** Dataset excerpt **
================

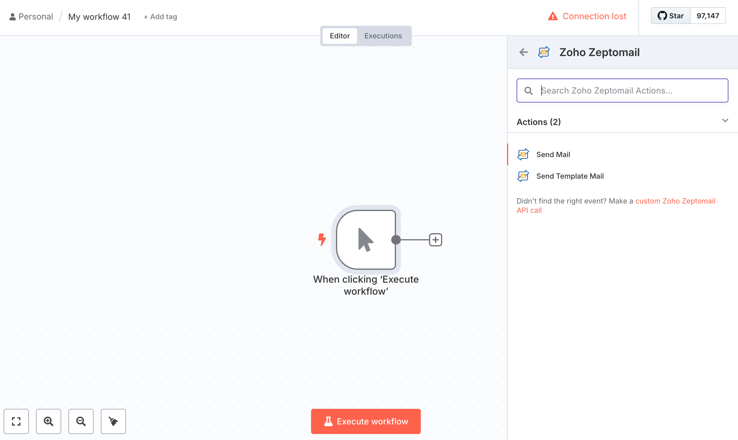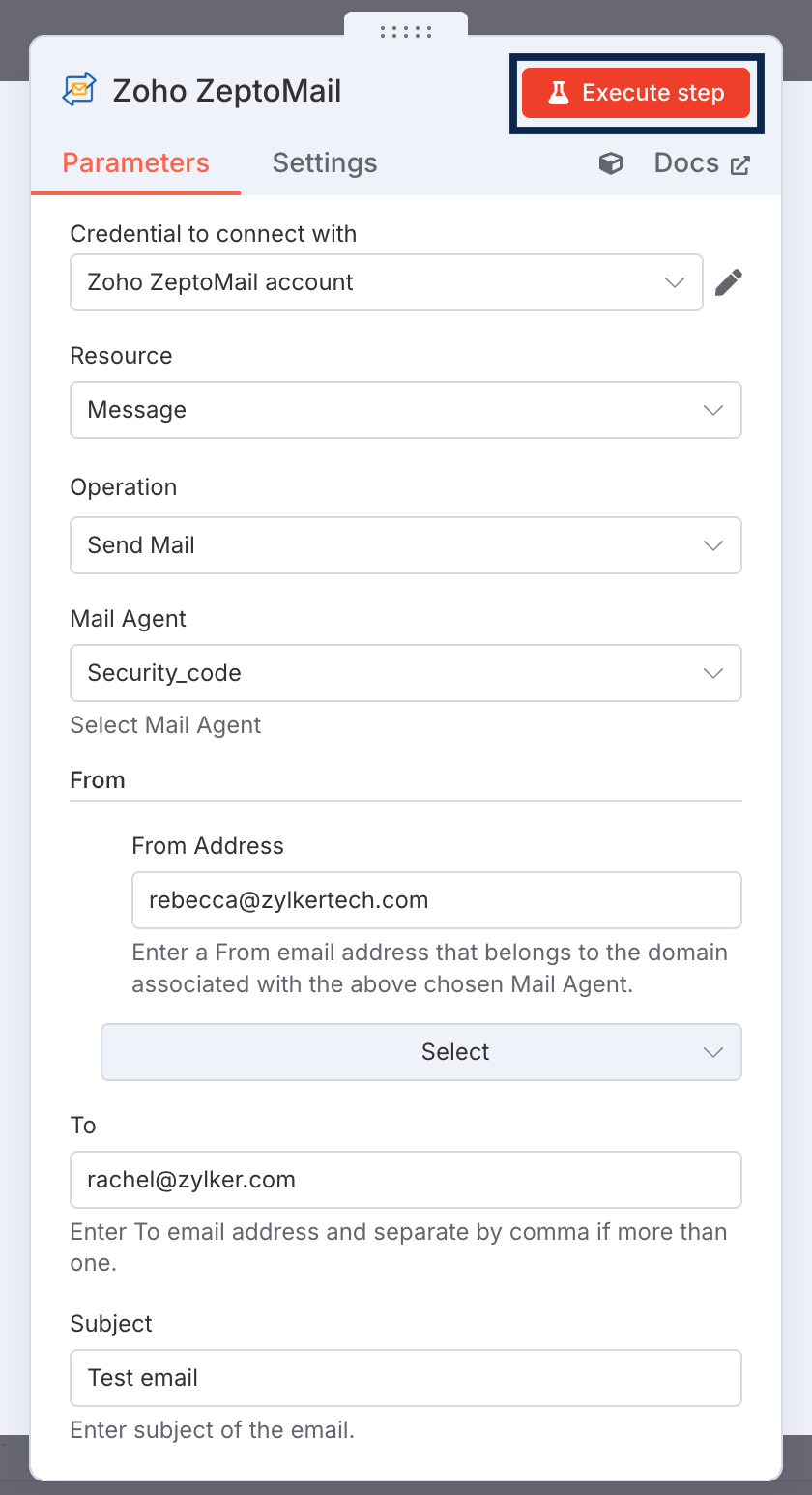 Applications using n8n for their workflows can add ZeptoMail as an action node to send transactional emails for a particular trigger. The supported actions are:
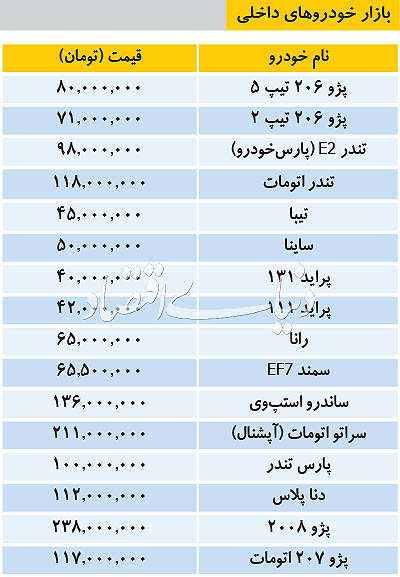 تازه ترین قیمت خودروهای داخلی/پارس تندر100میلیون
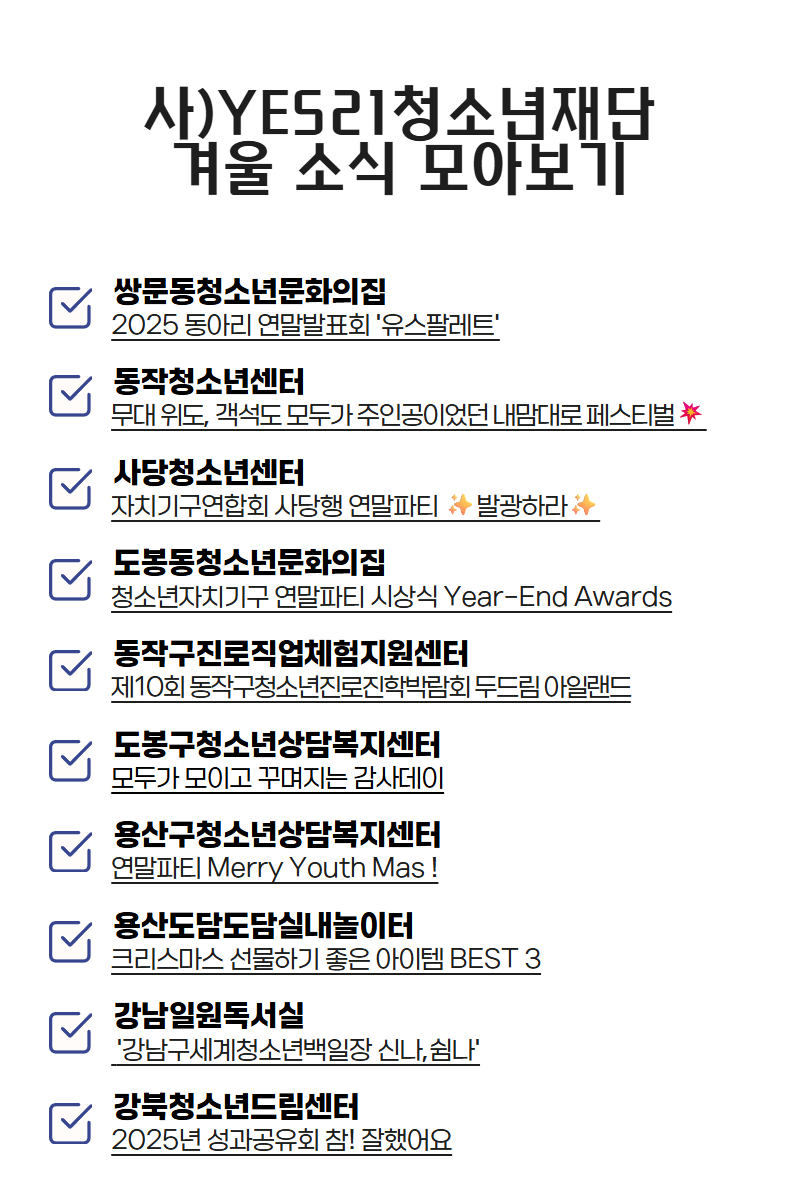 Copyright ⓒ 2022 사)YES21청소년재단 All rights reserved.

================

** Try it **
Every line of the material should be repeated precisely; pictures are to be excluded.

** Reply to the exercise **
 Applications using n8n for their workflows can add ZeptoMail as an action node to send transactional emails for a particular trigger. The supported actions are:
 تازه ترین قیمت خودروهای داخلی/پارس تندر100میلیون
 Copyright ⓒ 2022 사)YES21청소년재단 All rights reserved.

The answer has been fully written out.